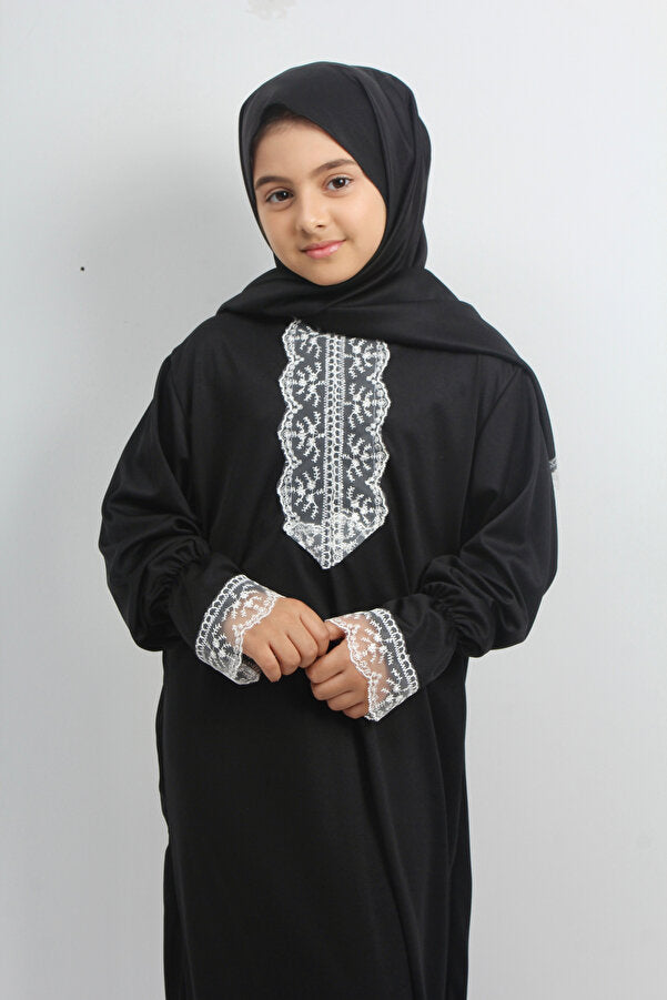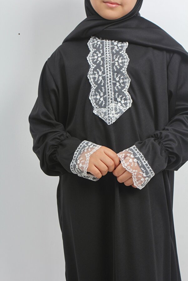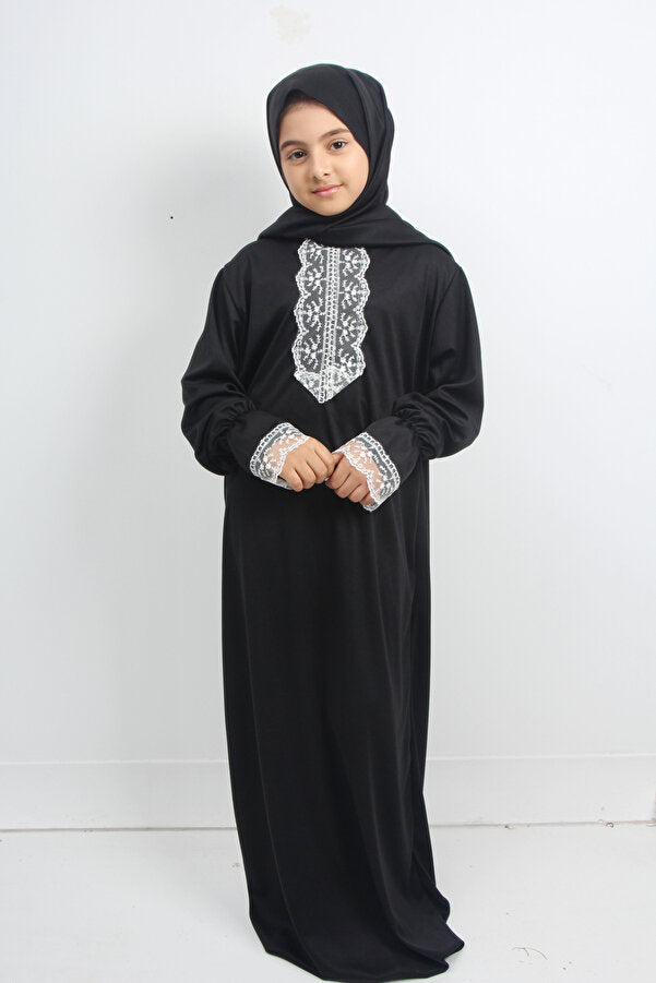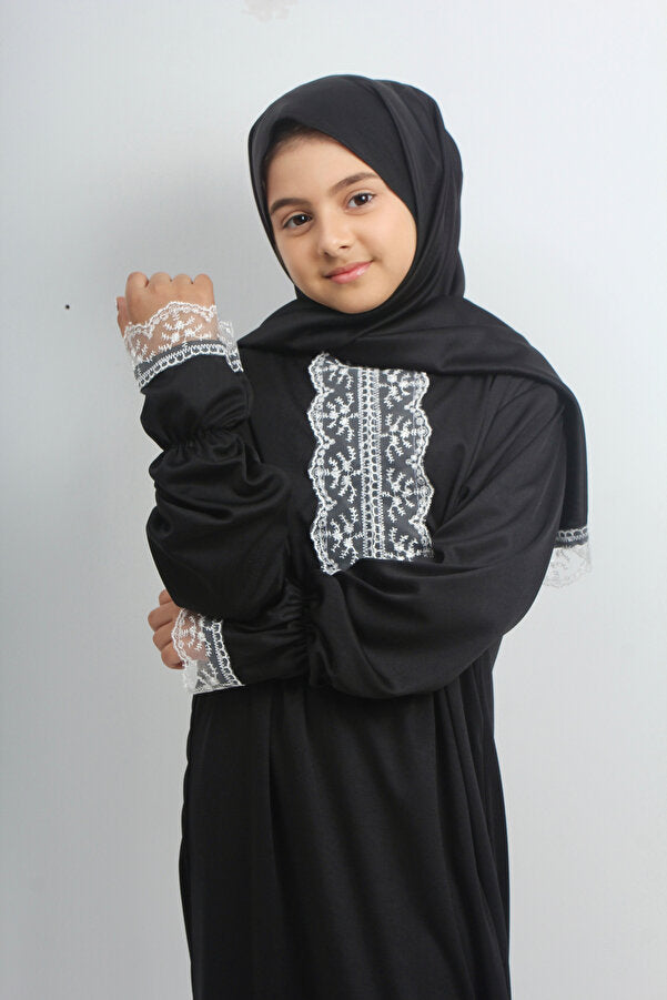 Siyah Dantelli Kız Çocuk Namaz Elbisesi
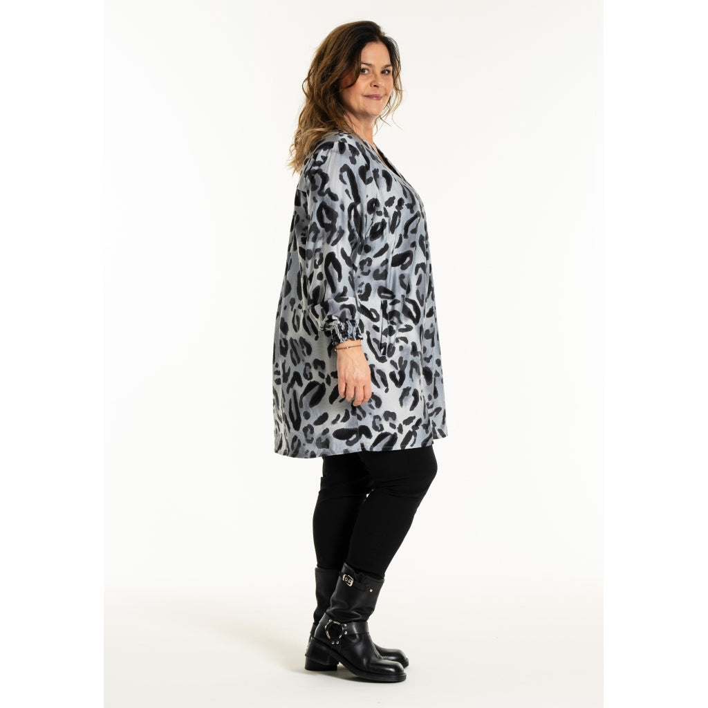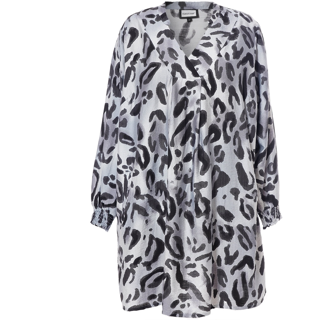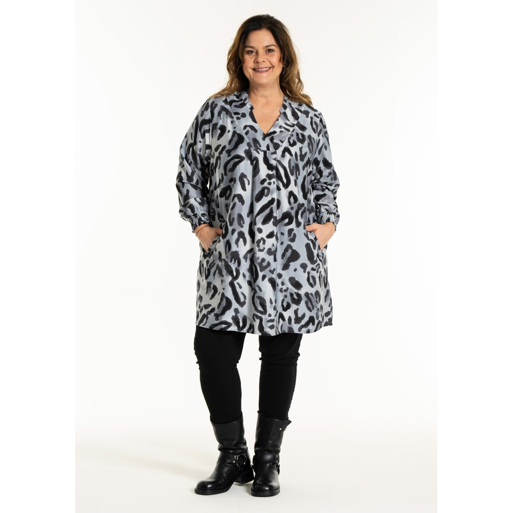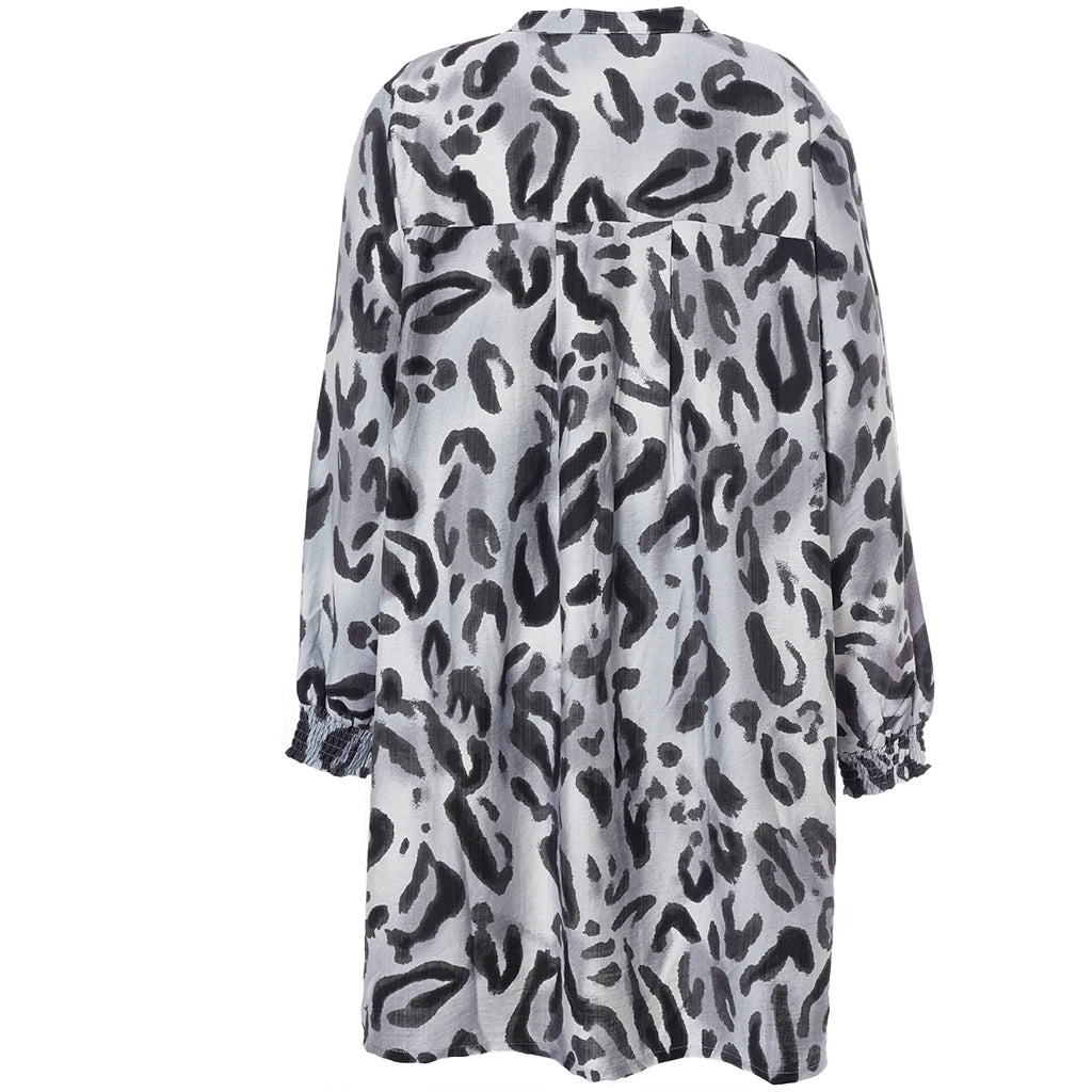 Snygg klänning med grått leopardmönster tillverkad av viskos och nylon.
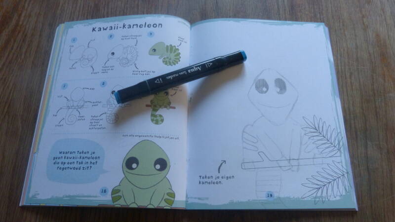 Wat mij meteen opviel aan het boek was het handige formaat maar dat niet alleen, ook de vrolijkheid wat de kaft uitstraalt. Verder viel me op dat er voor elk dier ook een pagina is waar je echt op kunt tekenen. Dat is heel fijn want op de linker pagina staat het stap voor stap uitgelegd, in verschillende houdingen. In het begin van het boek staat ook hoe je dieren er juist schattige uit kan laten zien door hel lieve schattige voetjes te tekenen of verschillende gezichtsuitdrukkingen.
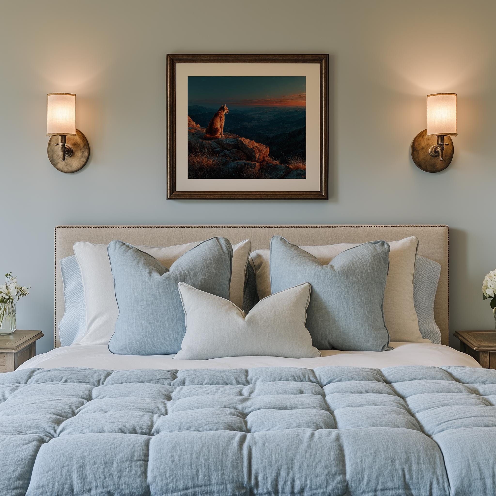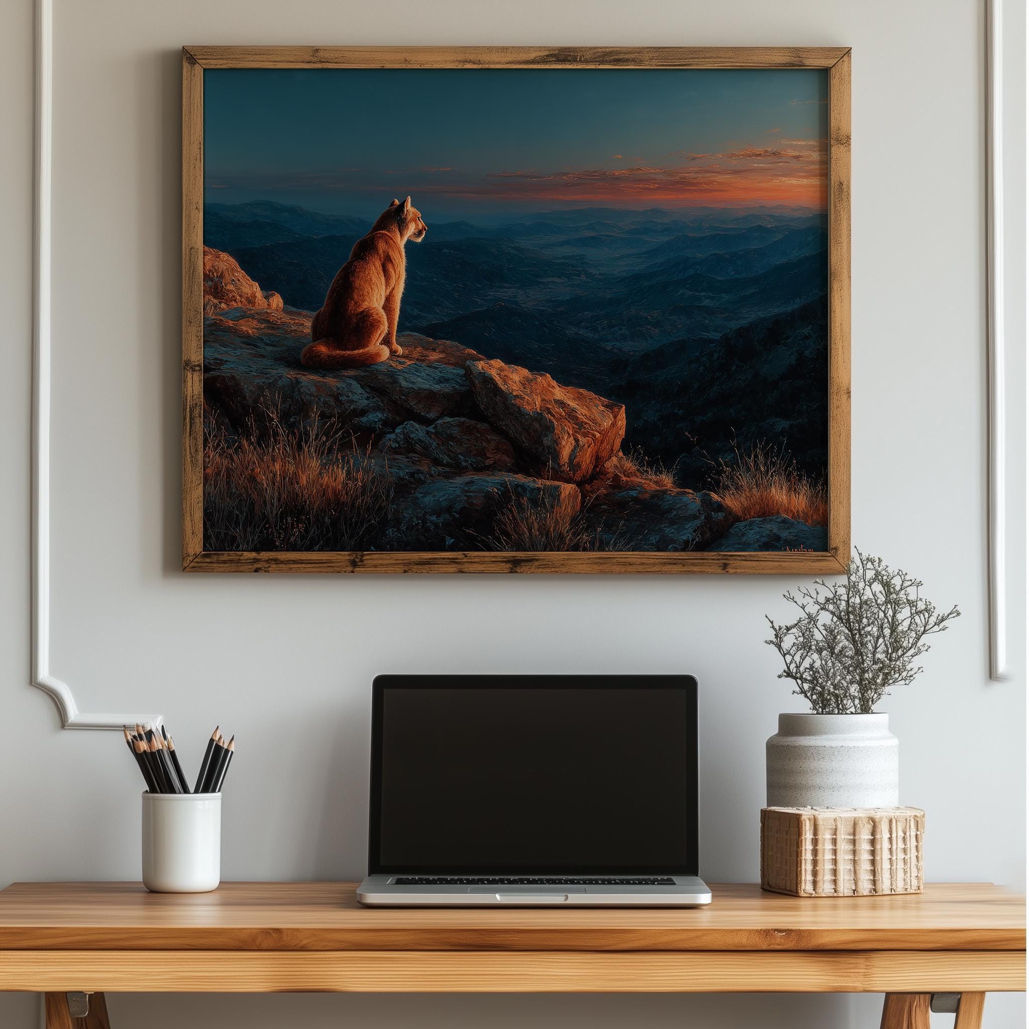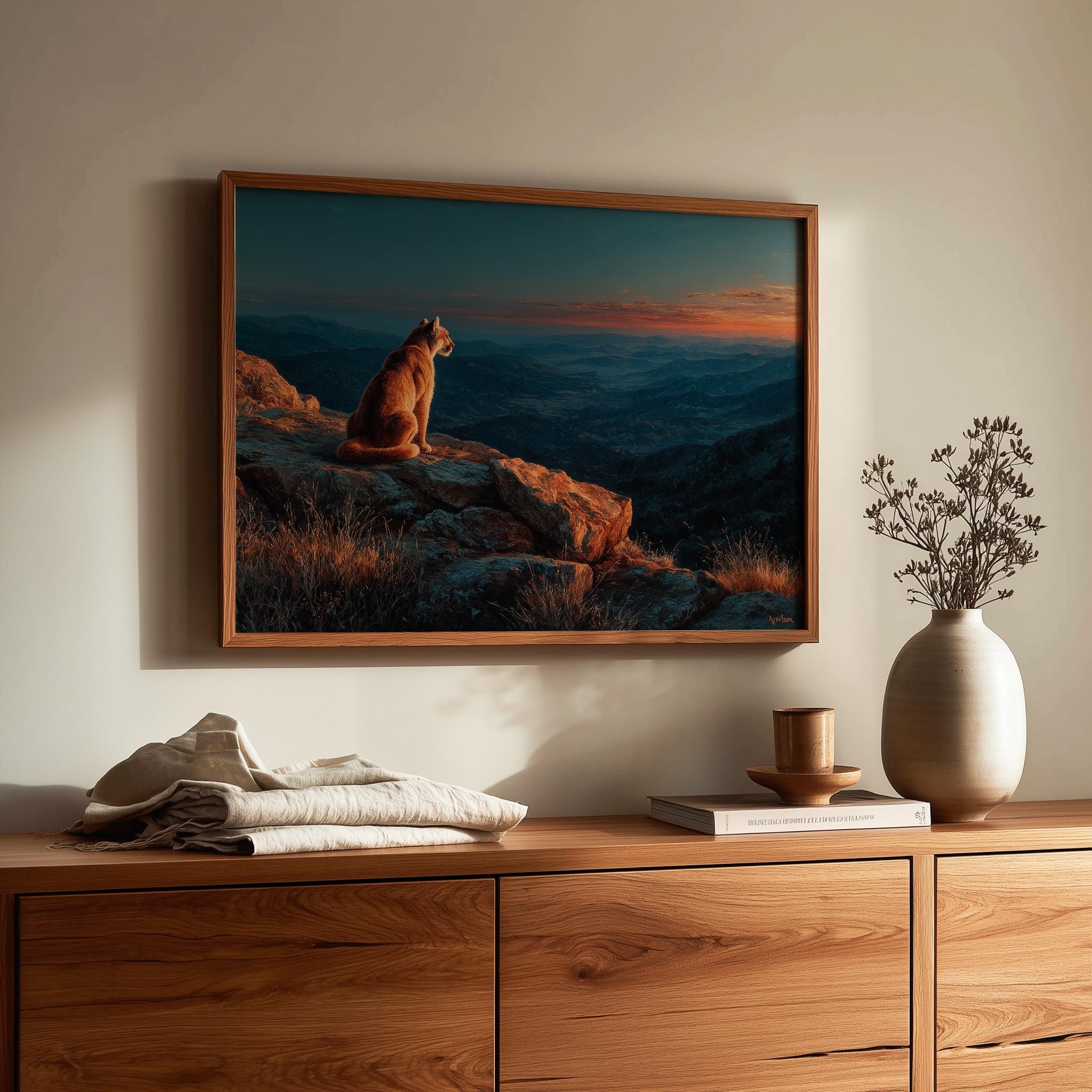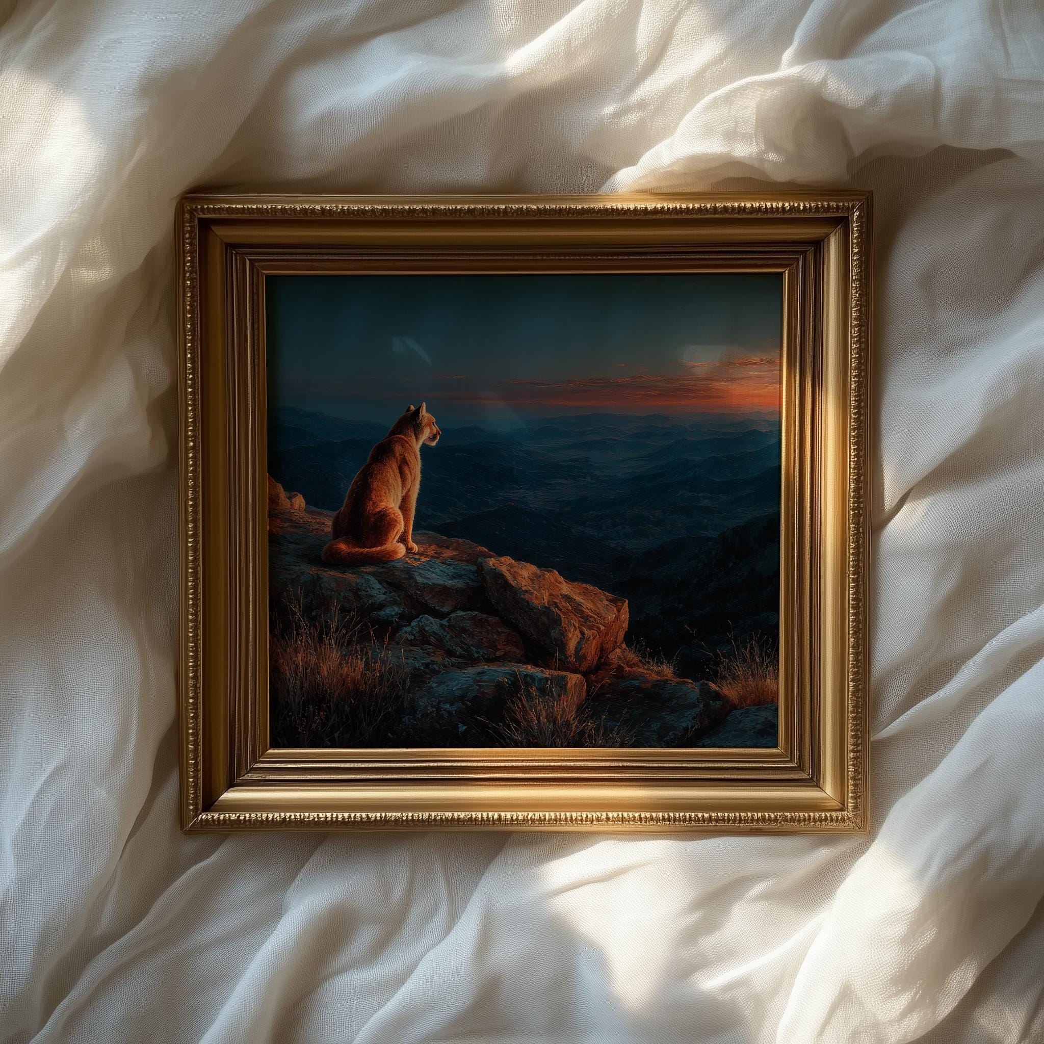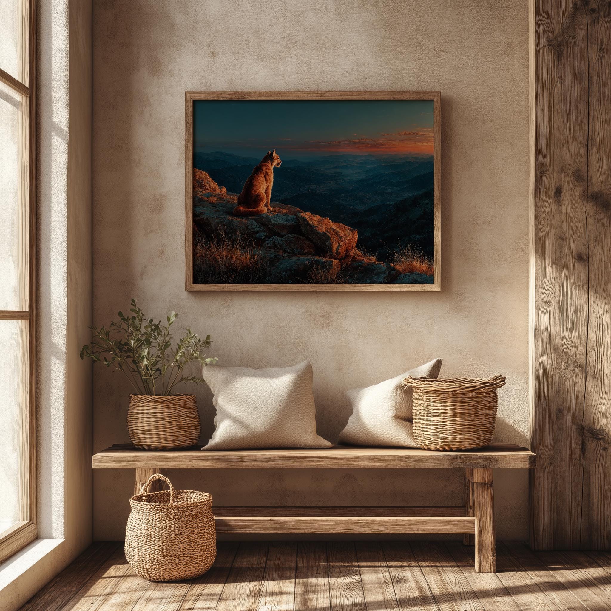 Immerse yourself in the charm with this rustic painting of a majestic mountain lion perched on a granite outcrop. An instantly downloadable print, it's perfect for elevating your decor with budget-friendly charm. This gives you the flexibility to customize the size, frame, and material according to your personal taste and space, ensuring a perfect fit for your walls.

- Task:
Print the full listing above again with exact wording and no images.

- Problem solution:
 Siyah Dantelli Kız Çocuk Namaz Elbisesi
 Snygg klänning med grått leopardmönster tillverkad av viskos och nylon.
 Wat mij meteen opviel aan het boek was het handige formaat maar dat niet alleen, ook de vrolijkheid wat de kaft uitstraalt. Verder viel me op dat er voor elk dier ook een pagina is waar je echt op kunt tekenen. Dat is heel fijn want op de linker pagina staat het stap voor stap uitgelegd, in verschillende houdingen. In het begin van het boek staat ook hoe je dieren er juist schattige uit kan laten zien door hel lieve schattige voetjes te tekenen of verschillende gezichtsuitdrukkingen.
 Immerse yourself in the charm with this rustic painting of a majestic mountain lion perched on a granite outcrop. An instantly downloadable print, it's perfect for elevating your decor with budget-friendly charm. This gives you the flexibility to customize the size, frame, and material according to your personal taste and space, ensuring a perfect fit for your walls.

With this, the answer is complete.